Delete yourself from the research group
Start in your own researcher profile > click on the link to the research group > edit research group > click the red cross to the right of your name.
Add new members
Click on research units in Cristin’s left menu > search > select the research units tab > select Kristiania University College under affiliated unit > search > click on the pencil to the right of the research group > edit research group > add person.
- November 30th: Deadline for submitting new Level 1 publishing channels to the Norwegian Register for Scientific Journals, Series and Publishers.
- February 1st: Registration deadline in Cristin for the current NVI-reporting year.
- Level 1 = 5 points
- Level 2 = 8 points
Scholarly chapter in anthology
- Level 1 = 0,7 points
- Level 2 = 1 points
Scholarly article in journal or anthology series (will then have an ISSN)
- Level 1 = 1 points
- Level 2 = 3 points
In order for a scientific publication to be included in the NVI-reporting, it must be published by a "counting" publishing channel.

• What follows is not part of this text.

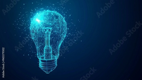 Broken Light Bulb. Blackout or burnout concept. Abstract digital technology illustration. Vector image in polygons, lines and shapes. Low Poly Wireframe 3D Vector illustration in blue

A "counting" publishing channel is a journal, publisher or series that is approved by the Norwegian Register for Scientific journals, series and publishers at Level 1 or 2.
Approved publishing channels have routines for independent peer review.
More about the four criteria in the section below.
Publications that take part in the NVI-reporting must meet four criteria for scholarly publications outlined by the Universities Norway report Emphasis on Research and reproduced in Cristin's reporting instructions.
All four criteria must be met for a publication to be considered scholarly.
A scholarly publication must;
1) Present new insights
Originality is a constant requirement for research. A scholarly publication must add something novel to research in relation to scholarly publications already available in the field.
While a knowledge communication text conveys already known insights - and is primarily aimed at students, professional practitioners and the general public - a scholarly publication will expand or challenge the status of knowledge in the academic research field.
Simultaneously, what can be said to be "new insights" must be understood in accordance with the usual originality requirements that apply in each subject.
2) Be in a form that makes the results verifiable and applicable in further research
The content of a scholarly publication must be presented in such a way that other researchers can judge and build on the publication's findings/ conclusions.
Publications that disseminate findings from empirical research explain how the results have been worked out in a seperate method section. In publications that primarily discuss other people's research, verifiability must be ensured through clear anchoring, clear reasoning and source usage, so that the basis for the publication's presentations and conclusions is stated.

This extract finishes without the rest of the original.